Diversification Opportunities for Caterpillar and Strategic Asset

0.96
  Correlation Coefficient

Almost no diversification

The 3 months correlation between Caterpillar and Strategic is 0.96. Overlapping area represents the amount of risk that can be diversified away by holding Caterpillar and Strategic Asset Management in the same portfolio, assuming nothing else is changed. The correlation between historical prices or returns on Strategic Asset Mana and Caterpillar is a relative statistical measure of the degree to which these equity instruments tend to move together. The correlation coefficient measures the extent to which returns on Caterpillar are associated (or correlated) with Strategic Asset. Values of the correlation coefficient range from -1 to +1, where. The correlation of zero (0) is possible when the price movement of Strategic Asset Mana has no effect on the direction of Caterpillar i.e., Caterpillar and Strategic Asset go up and down completely randomly.

Pair Corralation between Caterpillar and Strategic Asset

Considering the 90-day investment horizon Caterpillar is expected to generate 2.36 times more return on investment than Strategic Asset. However, Caterpillar is 2.36 times more volatile than Strategic Asset Management. It trades about 0.39 of its potential returns per unit of risk. Strategic Asset Management is currently generating about 0.21 per unit of risk. If you would invest  32,250  in Caterpillar on May 2, 2025 and sell it today you would earn a total of  11,552  from holding Caterpillar or generate 35.82% return on investment over 90 days.
Time Period3 Months [change]
DirectionMoves Together 
StrengthVery Strong
Accuracy100.0%
ValuesDaily Returns

Caterpillar  vs.  Strategic Asset Management

 Performance 
       Timeline  
Caterpillar 

Risk-Adjusted Performance

Strong

 
Weak
 
Strong
Compared to the overall equity markets, risk-adjusted returns on investments in Caterpillar are ranked lower than 30 (%) of all global equities and portfolios over the last 90 days. In spite of comparatively unsteady basic indicators, Caterpillar unveiled solid returns over the last few months and may actually be approaching a breakup point.
Strategic Asset Mana 

Risk-Adjusted Performance

Solid

 
Weak
 
Strong
Compared to the overall equity markets, risk-adjusted returns on investments in Strategic Asset Management are ranked lower than 16 (%) of all funds and portfolios of funds over the last 90 days. In spite of fairly weak forward indicators, Strategic Asset may actually be approaching a critical reversion point that can send shares even higher in August 2025.
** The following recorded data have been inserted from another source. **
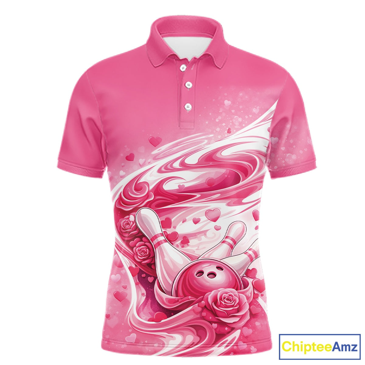 Custom Pink Heart Valentine Bowling Couples Shirt, Heart And Roses Bowling Husband And Wife Gifts With Name IPHW10518
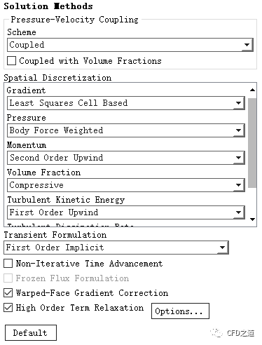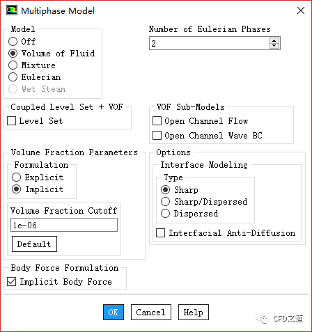 双击模型树节点Models > Multiphase,弹出对话框中激活Volume of Fluid,激活选项Implicit Body Force,其他参数如下图所示进行设置
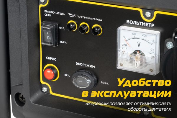 Генератор поставляется в состоянии полной заводской готовности: полностью собран и настроен, поэтому для начала работы достаточно залить топливо и масло — без какого-либо дополнительного монтажа или регулировок.
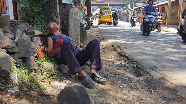 Siang tadi, Tepatnya dipinggir jalan kami semua bertemu dengan kakek bernama Pak Asep Sopandi (68), Ia sedang terbaring lemas di atas bebatuan sembari memegang lap Oren.
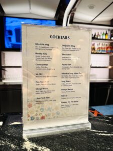 空間很大,也有全自動的馬桶,整體的乾淨程度也表現得很好。吧台提供的調酒種類也非常有誠意,就像是一般的調酒吧,由 bartender 現點現做。

Caterpillar and Strategic Asset Volatility Contrast

   Predicted Return Density   
       Returns  

Pair Trading with Caterpillar and Strategic Asset

The main advantage of trading using opposite Caterpillar and Strategic Asset positions is that it hedges away some unsystematic risk. Because of two separate transactions, even if Caterpillar position performs unexpectedly, Strategic Asset can make up some of the losses. Pair trading also minimizes risk from directional movements in the market. For example, if an entire industry or sector drops because of unexpected headlines, the short position in Strategic Asset will offset losses from the drop in Strategic Asset's long position.
The idea behind Caterpillar and Strategic Asset Management pairs trading is to make the combined position market-neutral, meaning the overall market's direction will not affect its win or loss (or potential downside or upside). This can be achieved by designing a pairs trade with two highly correlated stocks or equities that operate in a similar space or sector, making it possible to obtain profits through simple and relatively low-risk investment.
Check out your portfolio center.
Note that this page's information should be used as a complementary analysis to find the right mix of equity instruments to add to your existing portfolios or create a brand new portfolio. You can also try the AI Portfolio Prophet module to use AI to generate optimal portfolios and find profitable investment opportunities.